● AIM OF THE EXERCISE
Transcribe all of the records word for word, but omit the pictures.

● PROVIDED DATA
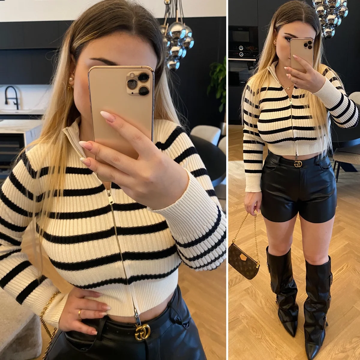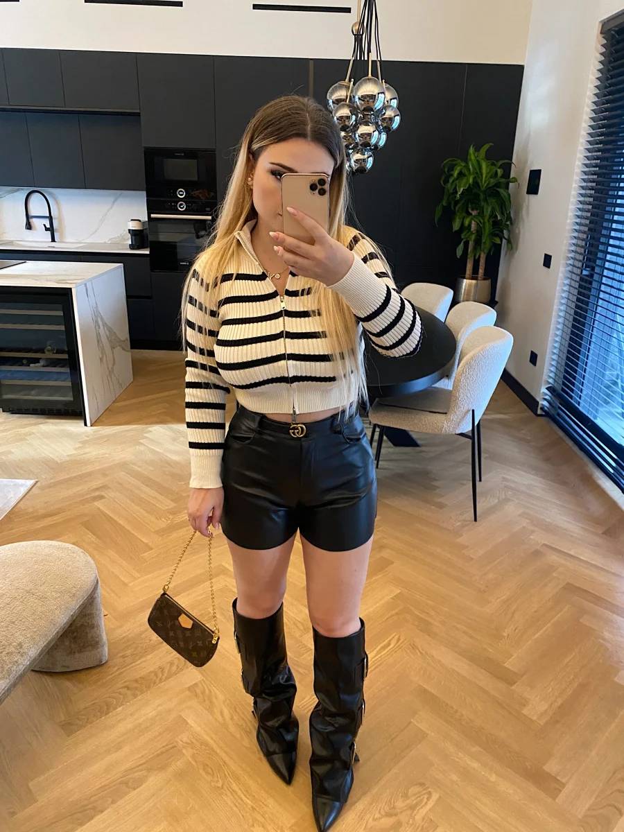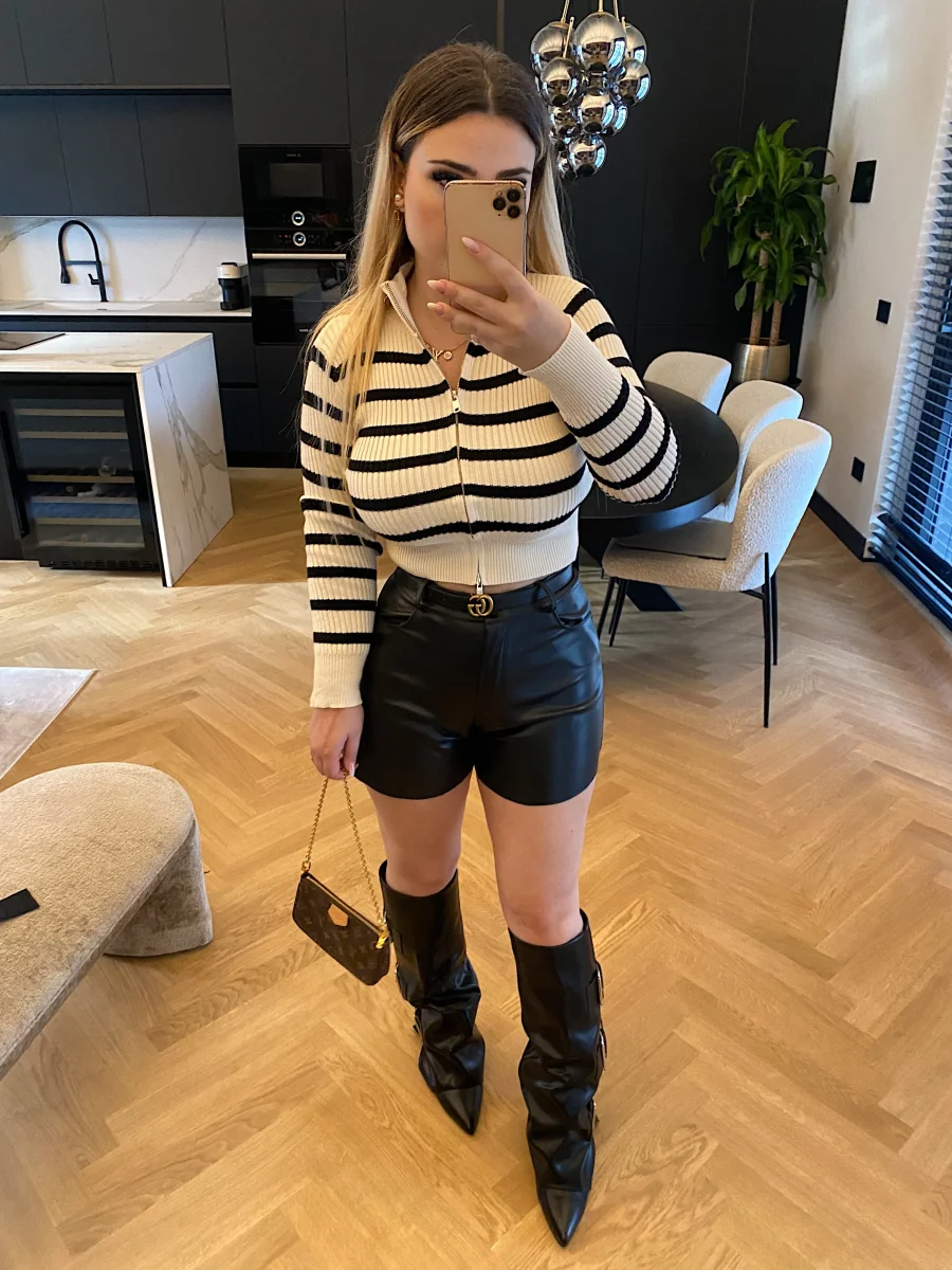 Maglione crop a righe bianco e nero con zip doppio lato
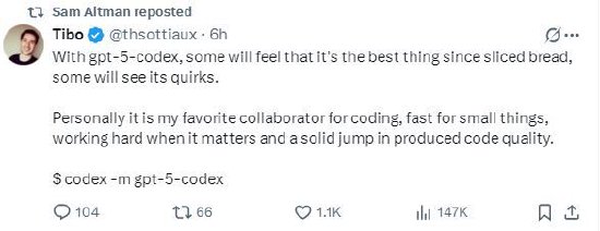 奥特曼还转发了一位用户的评论:“有了gpt-5-codex,有些人会觉得它是自切片面包以来最好的东西,有些人会看到它的怪癖。就我个人而言,它是我最喜欢的编码合作者,对小事情处理迅速,在重要的时候努力工作,并且在生成的代码质量上有坚实的飞跃。”
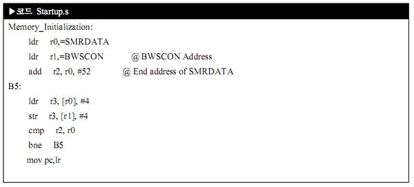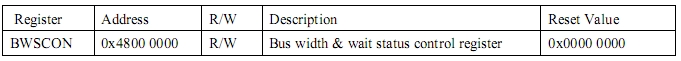 C 단계, 이제 에스디 램을 읽고 쓰기를 할 수 있는 메모리 컨트롤러 설정이랍니다. BWSCON은 0x4800 0000 번지이고 데이타 값을 입력하면 되죠. 데이타 값은 Bus width & wait status 과 같은 값이랍니다. 이처럼 메모리 컨트롤러에 해당 되는 모든 내용을 설정해 주면 되지요.
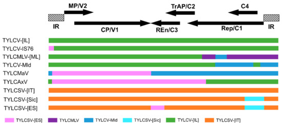 Diagram representing the recombination map of TYLCV complex. Blocks with same color shading represent regions of high identity. The positions of open reading frames (horizontal arrows, CP/V1, MP/V2, Rep/C1, TrAP/C2, Ren/C3, C4) and intergenic regions (IR) are represented on the top of the graph. Tomato yellow leaf curl (TYLC) virus-Israel (TYLCV-[IL]), TYLC Mali virus—Mali (TYLCMLV-[ML]), TYLC virus—Mild [Israel] (TYLCV-Mld [IL]), TYLC Malaga virus-Spain (TYLCMaV-[ES]), TYLC Axarquia virus- Spain (TYLCAxV-[ES]), TYLC Sardinia virus—Italy (TYLCSV-[IT]), TYLC Sardinia virus—Sicily (TYLCSV-[Sic]), TYLC Sardinia virus—Spain (TYLCSV-[ES]).
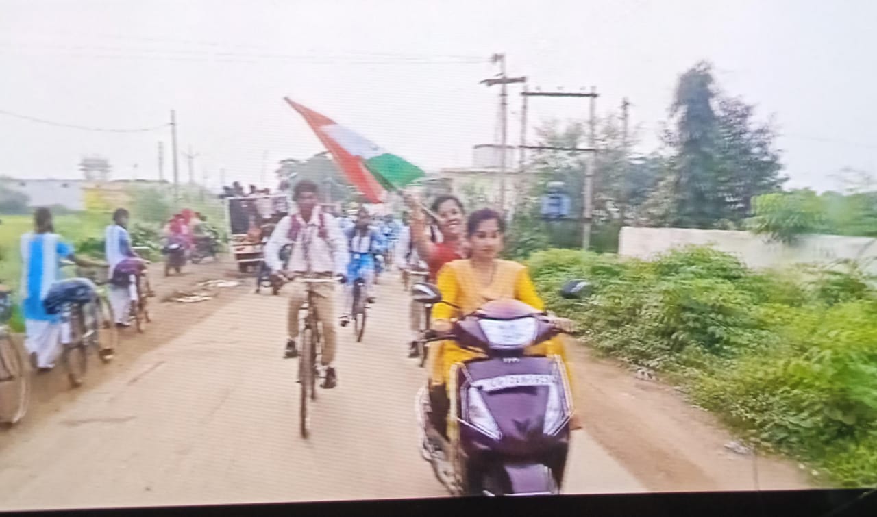 सारंगढ़ बिलाईगढ़, 13 अगस्त 2024/ हर घर तिरंगा कार्यक्रम अंतर्गत शासकीय उच्चतर माध्यमिक विद्यालय हरदी द्वारा तिरंगा बाइक और सायकल रैली का आयोजन किया गया। प्राचार्य विभावरी ठाकुर और व्यायाम शिक्षिका ममता साहू सहित अन्य शिक्षकों और विद्यार्थियों की टोली हाथ में तिरंगा झंडा लिए भारत माता की जय, वंदे मातरम आदि देशप्रेम के उल्लास, उमंग भरे नारों ने हरदी और आसपास क़े ग्रामीणों को देशप्रेम की भावना से सराबोर किया है।
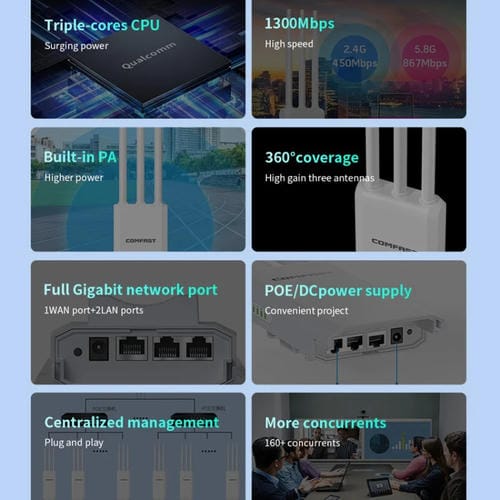 - 1x Amplificador de Señal Inalámbrico Gigabit Comfast CF-EW85 1300 Mbps 2,4G/5,8G Compatible CC/PoE Enchufe Estadounidense
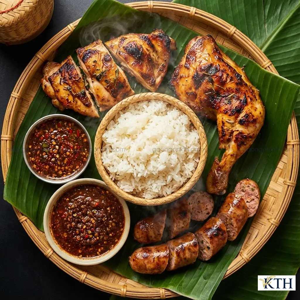 “Bộ ba quyền lực”: Xôi nếp Lào, Gà nướng và Chẩm chéo – Sự bùng nổ vị giác khó cưỡng.

● ANSWER SPACE
 Maglione crop a righe bianco e nero con zip doppio lato
 奥特曼还转发了一位用户的评论:“有了gpt-5-codex,有些人会觉得它是自切片面包以来最好的东西,有些人会看到它的怪癖。就我个人而言,它是我最喜欢的编码合作者,对小事情处理迅速,在重要的时候努力工作,并且在生成的代码质量上有坚实的飞跃。”
 C 단계, 이제 에스디 램을 읽고 쓰기를 할 수 있는 메모리 컨트롤러 설정이랍니다. BWSCON은 0x4800 0000 번지이고 데이타 값을 입력하면 되죠. 데이타 값은 Bus width & wait status 과 같은 값이랍니다. 이처럼 메모리 컨트롤러에 해당 되는 모든 내용을 설정해 주면 되지요.
 Diagram representing the recombination map of TYLCV complex. Blocks with same color shading represent regions of high identity. The positions of open reading frames (horizontal arrows, CP/V1, MP/V2, Rep/C1, TrAP/C2, Ren/C3, C4) and intergenic regions (IR) are represented on the top of the graph. Tomato yellow leaf curl (TYLC) virus-Israel (TYLCV-[IL]), TYLC Mali virus—Mali (TYLCMLV-[ML]), TYLC virus—Mild [Israel] (TYLCV-Mld [IL]), TYLC Malaga virus-Spain (TYLCMaV-[ES]), TYLC Axarquia virus- Spain (TYLCAxV-[ES]), TYLC Sardinia virus—Italy (TYLCSV-[IT]), TYLC Sardinia virus—Sicily (TYLCSV-[Sic]), TYLC Sardinia virus—Spain (TYLCSV-[ES]).
 सारंगढ़ बिलाईगढ़, 13 अगस्त 2024/ हर घर तिरंगा कार्यक्रम अंतर्गत शासकीय उच्चतर माध्यमिक विद्यालय हरदी द्वारा तिरंगा बाइक और सायकल रैली का आयोजन किया गया। प्राचार्य विभावरी ठाकुर और व्यायाम शिक्षिका ममता साहू सहित अन्य शिक्षकों और विद्यार्थियों की टोली हाथ में तिरंगा झंडा लिए भारत माता की जय, वंदे मातरम आदि देशप्रेम के उल्लास, उमंग भरे नारों ने हरदी और आसपास क़े ग्रामीणों को देशप्रेम की भावना से सराबोर किया है।
 - 1x Amplificador de Señal Inalámbrico Gigabit Comfast CF-EW85 1300 Mbps 2,4G/5,8G Compatible CC/PoE Enchufe Estadounidense
 “Bộ ba quyền lực”: Xôi nếp Lào, Gà nướng và Chẩm chéo – Sự bùng nổ vị giác khó cưỡng.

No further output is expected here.